A ratio compares how much there is of a specific thing in comparison to another. Ratios are two or more numbers separated with a colon ‘:’ e.g. 3:5:7.

For example, if someone has two red sweets and 4 red sweets, then the ratio of red sweets to blue sweets is 2:4.


If I have a mixture consisting of cement, sand and gravel and it is split as follows: 3 ‘pieces’ of cement, 5 ‘pieces’ of sand and 7 ‘pieces’ of gravel. To put this as a ratio, as it is split across 15 pieces, the ratio is as above 3:5:7.

Ratios can be simplified if tall the numbers included have a common factor i.e. 12:18 is the same as (6\times2):(6\times3), cancelling the 6 on both sides gives 2:3.

Ratios can be converted into fractions and therefore percentages.

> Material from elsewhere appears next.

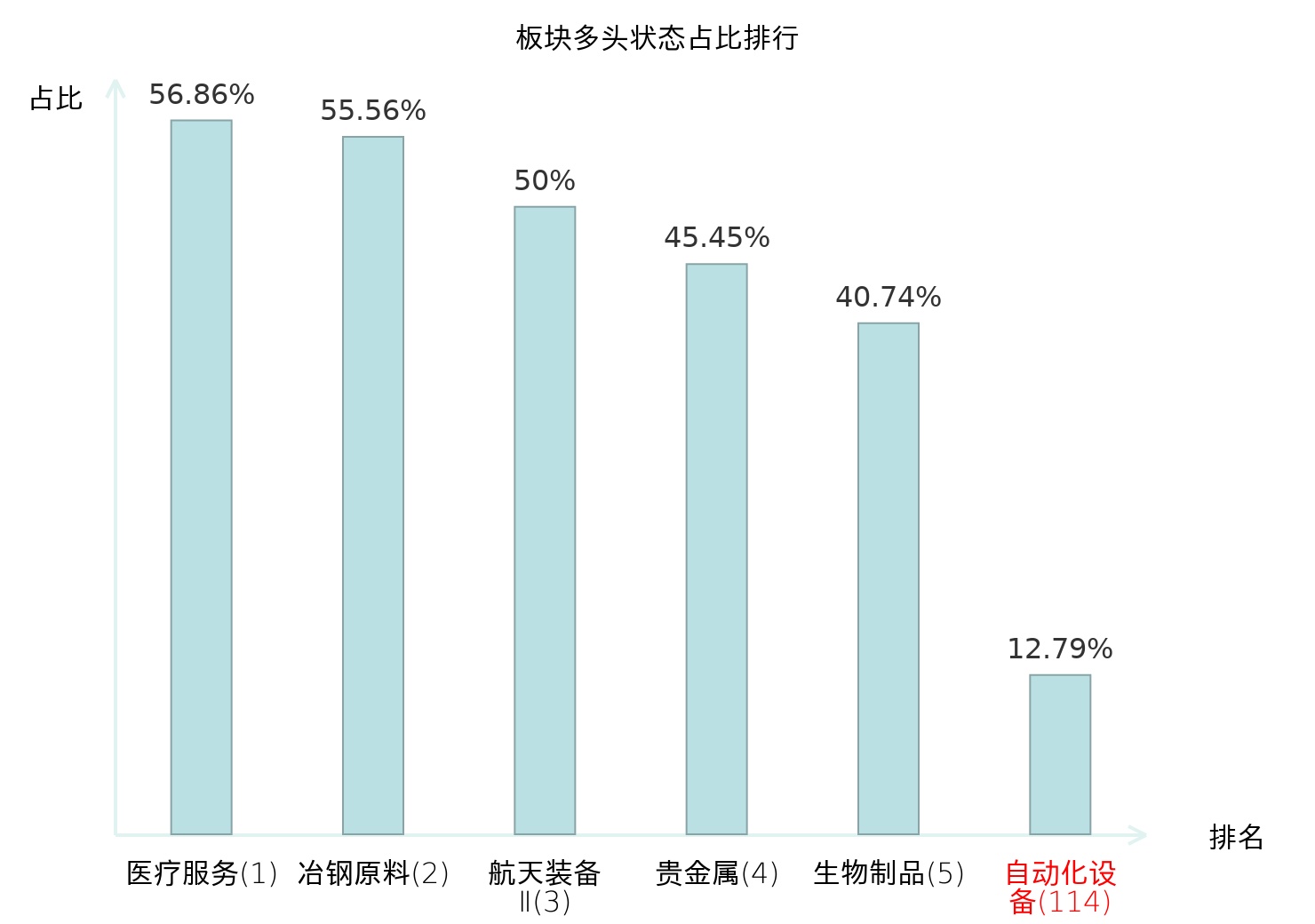 从主力宝信号数据分析,杰普特所属的自动化设备板块中共11只股票处于主力多头状态,主力多头状态占比在全行业中排名第114位,较昨日下降28位。较高的排名表明主力对于该板块整体看多意愿较强,而此次排名下降可能反映了主力对该板块态度的一些调整。全市场所有行业板块中主力多头状态占比排名中,医疗服务板块位居第一;医疗美容板块名次提升最快,较昨日上升75位。这些变动揭示了不同行业间主力资金动向的趋势,为投资者提供了关于市场情绪和潜在投资机会的重要线索。
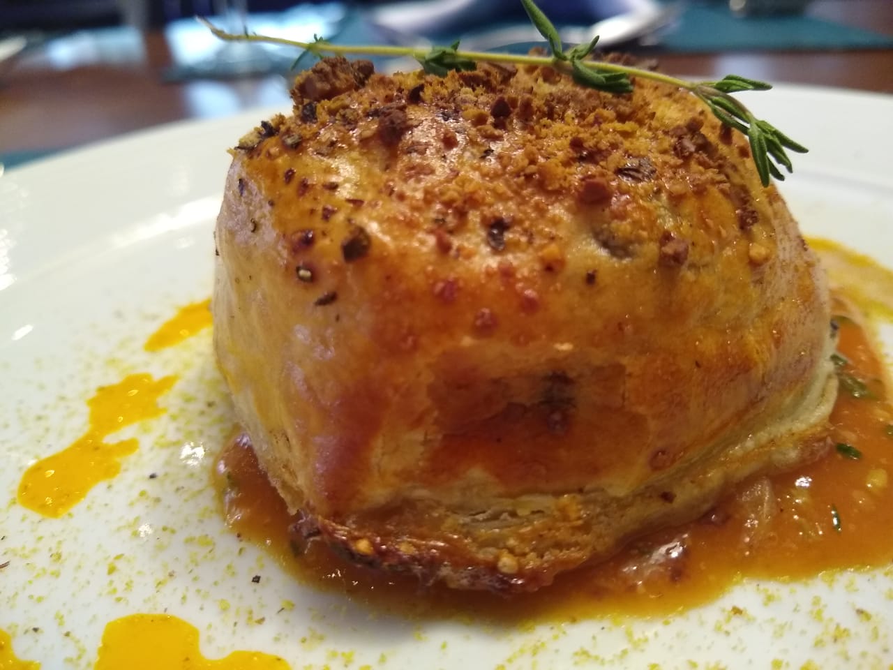 Due Amori -Bacalhau ao bisque de camarão, mousseline de aipim e almofada de maçã com brie.

To change a ratio into a fraction, we take every number in the ratio and add them together i.e. if the ratio is a:b:c, then we do a+b+c.

Then each component as a fraction will be \frac { a }{ a+b+c }, \frac { b }{ a+b+c } and \frac { c }{ a+b+c }.


Taking the ratio from above, 3:5:7, we start by adding these numbers together as follows 3+5+7=15.

We then do each part of the ratio divided by the total: \frac { 3 }{ 15 }, \frac { 5 }{ 15 } and \frac { 7 }{ 15 }, to give the fraction of each segment.


Adam has £50 to share between his three children: Bill, Claire and Diana, in the ratio 4:5:1. How much does each child receive?

Bill =\dfrac{4}{10}\times £50=£20

Claire =\dfrac{5}{10}\times £50=£25

Diana =\dfrac{1}{10}\times £50=£5